RECORDS FOR THE EXERCISE

========

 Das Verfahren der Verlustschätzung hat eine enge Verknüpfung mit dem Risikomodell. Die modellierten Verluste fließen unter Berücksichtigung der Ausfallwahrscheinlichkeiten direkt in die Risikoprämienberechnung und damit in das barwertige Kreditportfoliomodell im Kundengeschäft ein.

========

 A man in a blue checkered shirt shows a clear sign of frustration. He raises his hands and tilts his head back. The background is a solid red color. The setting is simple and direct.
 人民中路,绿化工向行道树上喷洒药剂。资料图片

========

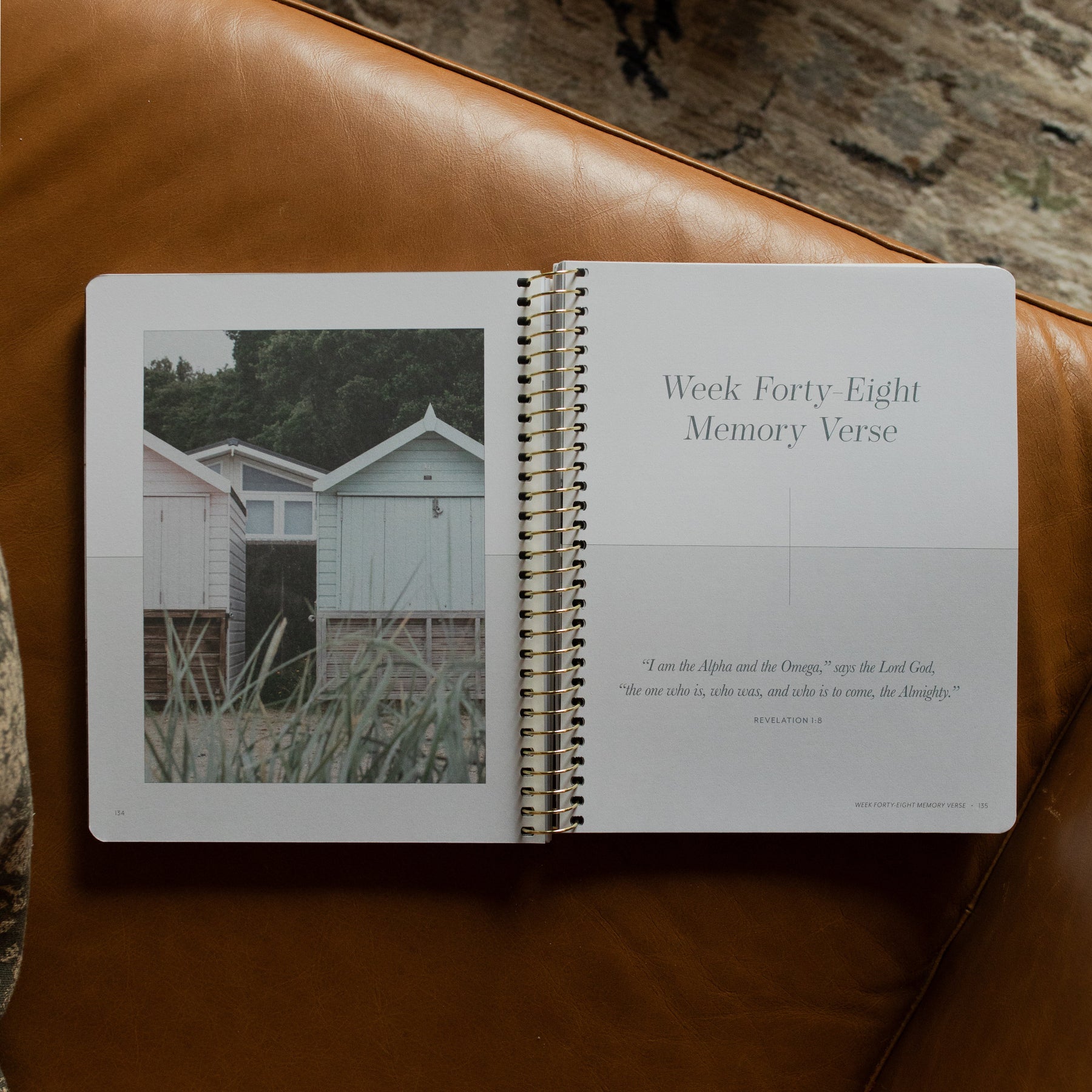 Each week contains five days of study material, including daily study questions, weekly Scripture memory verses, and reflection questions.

========

EXERCISE
Take the stretch of lines above from the one containing "A man in a blue" through the one containing "人民中路,绿化工向行道树上喷洒药剂。资料图片" and repeat it exactly, adding no other line.

EXERCISE OUTPUT
 A man in a blue checkered shirt shows a clear sign of frustration. He raises his hands and tilts his head back. The background is a solid red color. The setting is simple and direct.
 人民中路,绿化工向行道树上喷洒药剂。资料图片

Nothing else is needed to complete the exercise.